Businesses are now more flexible with where their employees work from, as a society, we are now talking more openly about our mental well being, people are enjoying taking a walk in nature.

2021 for me has been a rollercoaster of a year. I have been busy with lots of new technologies, Snowflake, AWS, Qlik Application Automation, Qlik Forts, Power Automate, Airtable are just to name a few. That (and summer full of cricket) kept me busy for sure, hence why I haven’t had much free time to blog. I have been looking forward to some downtime during this holiday period to say the least.
Holiday project
It’s a tradition that I have followed for the last few years now. I put aside three projects, usually they are projects that I want to do with our boys. But since this year has been a busy year, my list of projects were rather long and I ended up picking one project that evolves around data and did not include doing it with our kids (sadly). I felt very strongly about this project because of its link to data literacy which made it harder to ignore.
Mastermind behind the idea

I cannot take the credit for the original idea. This came from my colleague at Tahola, Kenny Balding. One of our usual long Teams call turned into a conversation about personal projects, and this is when Kenny shared his idea on creating an application which can turn picture into chart.
It would be great to build an application which allows people take a photo of a tabular data set and turned that into a chart.
-Kenny
And that was it, that’s all I needed to hear. My mind started to tick away, I started to think about how it will work, we discussed the topic of data privacy etc. Kenny made another key point there, he wanted to achieve this without any cloud Machine Learning platforms/APIs or backend server processing, essentially, run this all within the user’s browser/client. We googled for Optical Character Recognition (OCR) JavaScript libraries and that’s when we found Tesseract.js. it’s a JS library based on tesseract-OCR engine which can identify words from a picture and the beauty is, this JS library can do this all within the user’s browser.
The usual why…

That afternoon I left the teams call with lots of ideas about how we can achieve this together and learn something new in the process. However, as usual, we both got busy with our work and this became part of my list of things I would like to do. So, when picking projects for this holiday season, this felt like the perfect one for many reasons –
- It will be a relatively simple project to work on (or at least that’s what I thought!).
- Although I knew that I won’t be able to do this with Kenny over the holiday period, however, my nephew, who is studying Maths and Statistics at university, will be very happy to get involved. It’s a great opportunity to nurture a young mind in all things data and it seemed like the ideal project.
- This project aligns with my data literacy teaching goals. This has the potential to reach many people and with it, creating charts will become a lot more accessible to anyone who wants to tell a story with data visualisations.
How?

I already had some idea on how I can tackle this project. I wanted to keep the project simple. So I decided to leverage my existing Kids in Data project for all the charting requirements (based on c3.js, a wrapper for D3) and instead of using any framework, I will use plain JavaScript, making it accessible for anyone familiar with JavaScript. The whole solution would be a Single-page Application (SPA) build using nothing but HTML, CSS and JavaScript. For development purpose, we will run a node.js (express.js) web server to serve the application.
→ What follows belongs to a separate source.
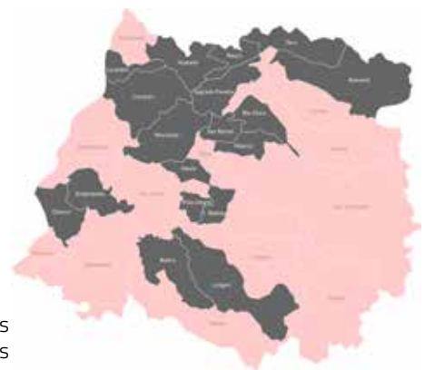
Mapa de comunas de la Región del Maule

nes pensando en el 2018. Hemos pensado en 661 millones de pesos proyectados a cuatro años, vale decir, entre el 2018 y 2021, lo cual nos permitiría especialmente echar a andar los procesos en las comunas de Rauco, Sagrada Familia, Río Claro, Empedrado y Chanco, además de planes seccionales de Yervas Buenas y Vichuquén. Acá también hemos contado con una permanente preocupación y colaboración de la Cámara Chilena de la Construcción con quienes nos hemos venido reuniendo para emprender algunas acciones concretas y también informar de la situación existente a nivel regional”, dijo la autoridad.

The usage of the app would be rather simple –
- User will load the web page on their device.
- Take a snap of a tabular data or upload an image containing the data.
- Tesseract will extract that data and if successful, present the user with a few chart options.
- User will see their tabular data in the chart of their choice.
We had all the conceptual work done (in my head), now all we need to do is put that into practise. I recruited my nephew (Mahdi Ahmed) to help and got on with the tasks in hand.
The result…

After a few hours of tweaking around with the output from the Tesseract engine, we were able to map that data into an object that I can pass on to our charting library and create the visualisation. Since it was an early concept, we hard coded some charting elements which means this version only works with the column name “Names” and “Scores”. We also noticed that accuracy of the engine was not always reliable, which means in the future, this needs to be improved. A few hours work resulted in the demo shown above. You can try this at the GitHub pages here.
What’s next..
If I get any spare time in the near future, I would like to implement some more steps to make data recognition process (e.g. handle column separator by splitting the image by columns etc) more robust and make the chart elements fully dynamic.
There are many things that can be done with this. This concept can be integrated to Azure Cognitive Services (or similar services from other vendors) and build a more complex solution which allows users to create charts at ease. I hope this inspires someone to take it to the next level. I would be happy to turn this into an open source project for all the data literacy geeks out there, if any are interested.
This is all the time I have for today. Thank you all for taking the time to read my many blogs on crazy/pointless ideas. I wish you all a safe and happy new year for 2022.